**TASK DIRECTIONS**
Transcribe the records below from the first line to the line that includes "This pre-owned IWC", inclusive, and omit the pictures.

Extracted records

'''

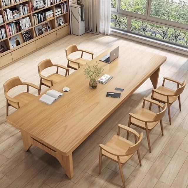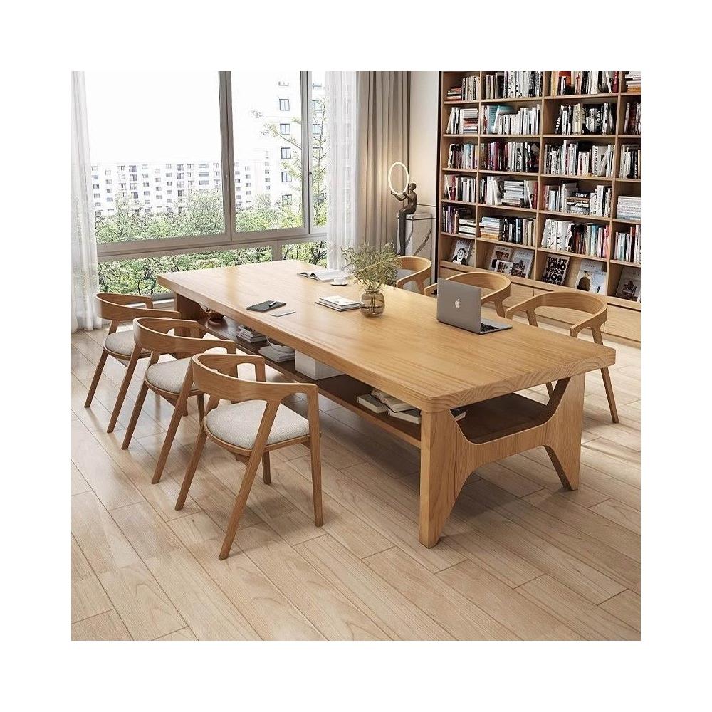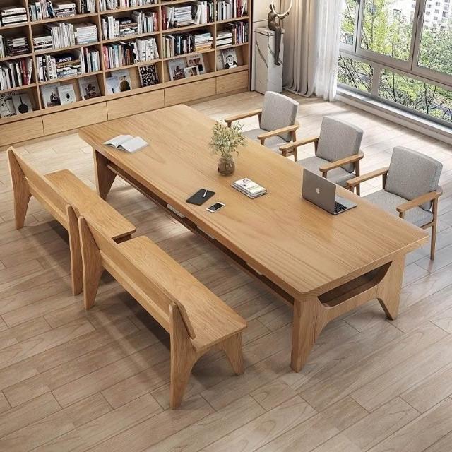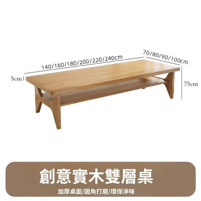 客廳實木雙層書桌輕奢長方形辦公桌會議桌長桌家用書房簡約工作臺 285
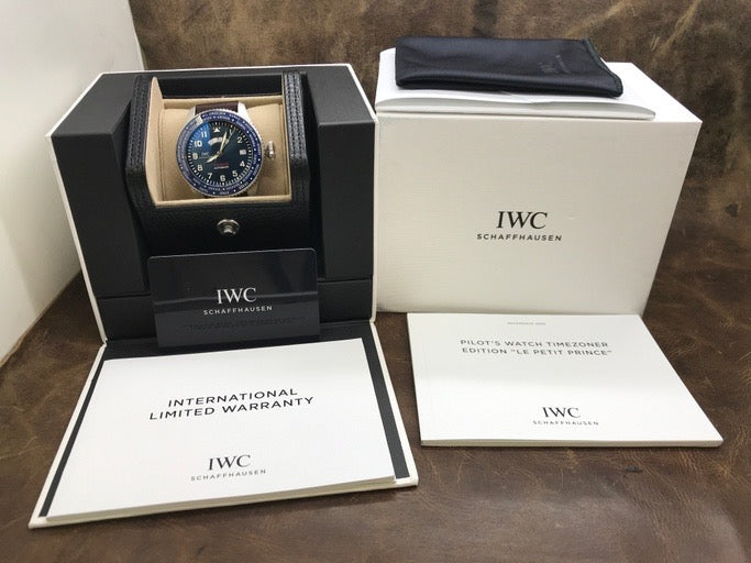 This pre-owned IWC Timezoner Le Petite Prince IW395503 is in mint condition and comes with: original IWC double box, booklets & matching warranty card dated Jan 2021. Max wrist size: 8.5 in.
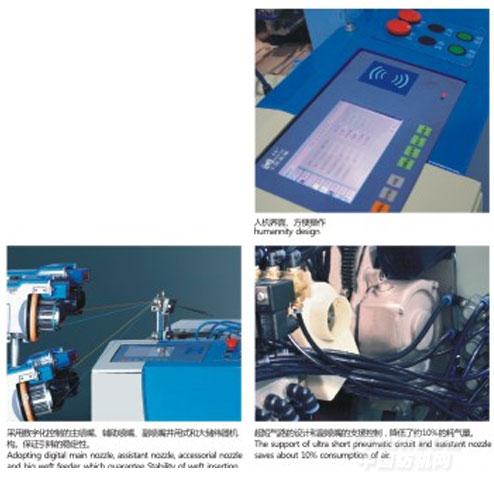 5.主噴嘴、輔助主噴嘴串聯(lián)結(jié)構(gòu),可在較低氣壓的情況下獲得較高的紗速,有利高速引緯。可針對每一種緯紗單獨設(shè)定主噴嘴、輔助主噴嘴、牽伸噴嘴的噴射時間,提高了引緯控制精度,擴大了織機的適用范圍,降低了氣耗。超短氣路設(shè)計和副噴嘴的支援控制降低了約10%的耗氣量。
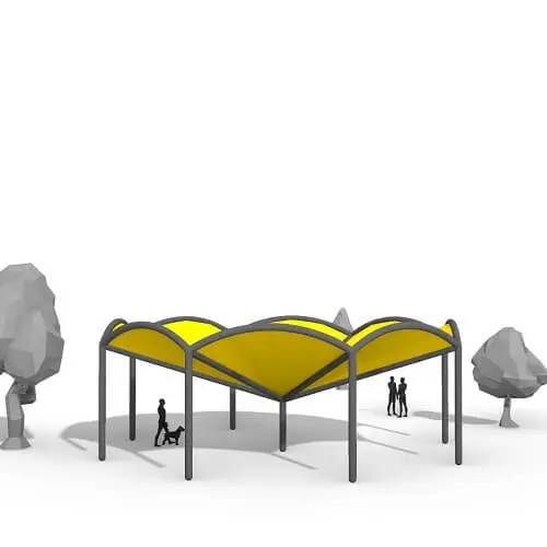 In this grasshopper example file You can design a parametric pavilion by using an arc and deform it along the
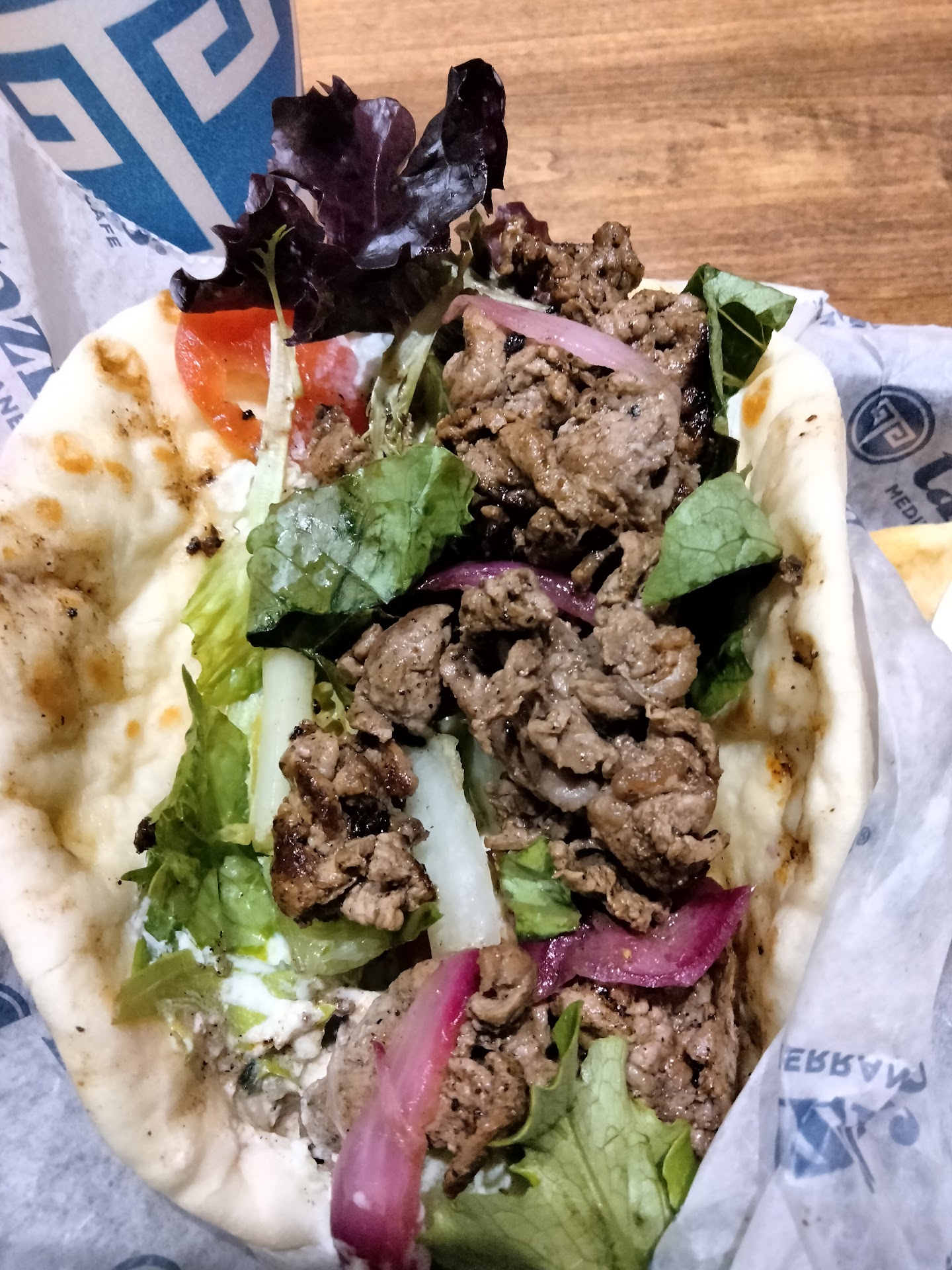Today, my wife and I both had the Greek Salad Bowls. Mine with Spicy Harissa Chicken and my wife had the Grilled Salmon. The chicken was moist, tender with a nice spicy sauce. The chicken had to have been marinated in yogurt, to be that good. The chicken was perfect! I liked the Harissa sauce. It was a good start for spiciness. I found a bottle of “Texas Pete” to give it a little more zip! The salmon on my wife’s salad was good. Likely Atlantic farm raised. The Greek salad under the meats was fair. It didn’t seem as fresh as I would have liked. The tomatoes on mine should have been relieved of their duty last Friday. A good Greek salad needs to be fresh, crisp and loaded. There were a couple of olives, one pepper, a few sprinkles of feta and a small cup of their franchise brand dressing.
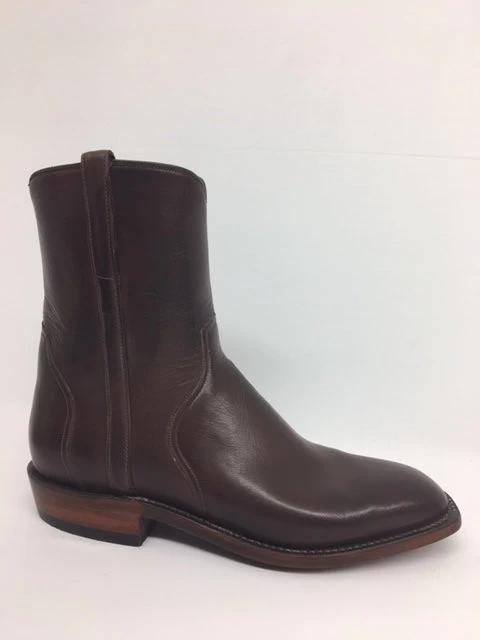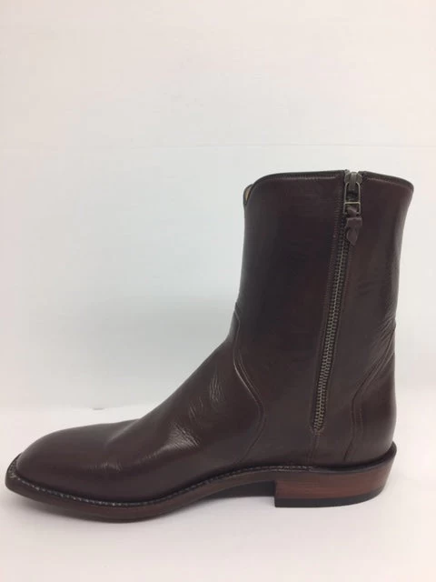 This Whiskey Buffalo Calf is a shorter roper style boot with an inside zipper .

'''

**EXERCISE ANSWER**
 客廳實木雙層書桌輕奢長方形辦公桌會議桌長桌家用書房簡約工作臺 285
 This pre-owned IWC Timezoner Le Petite Prince IW395503 is in mint condition and comes with: original IWC double box, booklets & matching warranty card dated Jan 2021. Max wrist size: 8.5 in.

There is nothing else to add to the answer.